Empty by the End

A Meditation on Living.

..and I am so puzzled by our madness, in that we are so in love with a thing so fleeting-our body- and fear that we might die someday when in fact every moment is the death of a prior state. You oughtn’t to be afraid that what happens daily might happen once!-Unknown

I read this today and it stopped me in my tracks. It made me wonder: why do we fear death so much, when in truth, we’ve been dying since the day we were born? Every breath is both a continuation and a letting go. Every sunrise is the death of yesterday. We know this, don’t we? And yet, we tremble at the thought of the final one.

We cling to the body, though it is fleeting. We fear the inevitable, though it is stitched into our very existence. Birth, life, taxes, death-the plan is set. Even before Musk and his friends figure out how to cheat mortality (and let’s be honest, that will probably be a members-only gig), the rest of us will still follow the ancient rhythm.

But here’s the truth: our fear of death is rarely about the body. It’s about everything else.

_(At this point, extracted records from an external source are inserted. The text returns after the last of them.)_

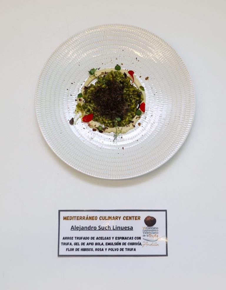 El tercer puesto ha recaído en el chef Alex Such, Director Gastronómico de Mediterráneo Culinary Center y chef de eventos quien ha sorprendido con un arroz trufado de acelgas y espinacas con trufa, gel de apio bola, emulsión de chirivía y trufa, flor de hibisco, rosa y polvo de trufa
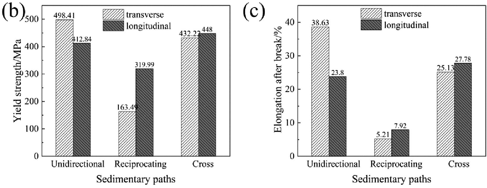 (a)Tensile strength;(b)yield strength; (c) elongation after break
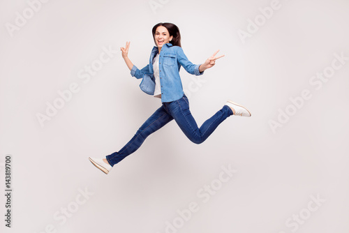 Excited happy pretty girl in casual jeans clothes high jump with raised hands and legs, on white background
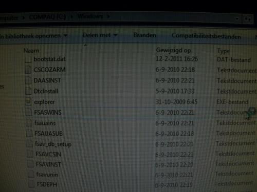 ik heb zelf wat geprobeert maar nu opent hij echt niks meer;... ik zat bij me c schijft en heb daar de .exe bestand gepakt, toen openen met en helemaal gebladert naar hetzelfde .exe bestand. toen op ok gedrukt nu heeft iedere snelkoppeling en exe bestand een icoontje van windows verkenner en lukt niks meer :S nee kijk, alle progamma's werken niet meer omdat de .exe bestanden naar 1 soort bestand zijn verwezen. (is mijn gok als ik het zo bekijk) helaas kan ik je geen print geven want dat werkt ook niet :S allemaal erg verwarrend want ik kan dingen snel oplossen maar heb nog nooit met zulke dingen te maken gehad... -

The Loved Ones We Leave Behind

For most of my life, I didn’t fear death much. I knew people would weep, then move on. But then I had my daughter. And now, even writing this, I feel the fear rise in me. The thought of leaving her behind terrifies me. She’s stuck with me, I tell myself—until we’re old and grey. That’s the plan. That’s the promise.

The Unknown Beyond

Then there’s the mystery of what happens after. Faith, myth, philosophy—they all try to fill the silence. Some say there’s a narrow path, a right book, a heaven or a hell. Others say nothing at all. We act right, we hope, we pray. But death is the only way to find out-or not.

And the Hardest of them All..

Isn’t about the body or the afterlife. It’s about the life unlived. The words unsaid. The dreams we let slip away. Nobody mourns the dress they never wore. But the friendship they were too proud to fix? The truth they carried but never spoke? That’s the sting.

It’s not that we’ll never see people again. It’s that we’ll leave with so much unshown, unspoken. That feels unfair. Unkind.

At the End of the day

The writer’s call was clear: don’t let this be your story. Don’t be the one who dies full of regret, with truths unspoken and adventures untried. Be the one who arrives late to death-empty, exhausted, but fulfilled. Every word said. Every truth lived. Every adventure exhausted. No could haves. No would haves. No why didn’t I’s.

And maybe the antidote to death-anxiety isn’t immortality, but legacy. Not the grand kind carved in history books, but the everyday kind: the bedtime stories we tell, the essays we write, the friendships we nurture. These are the echoes that outlast the body. Proof that we lived.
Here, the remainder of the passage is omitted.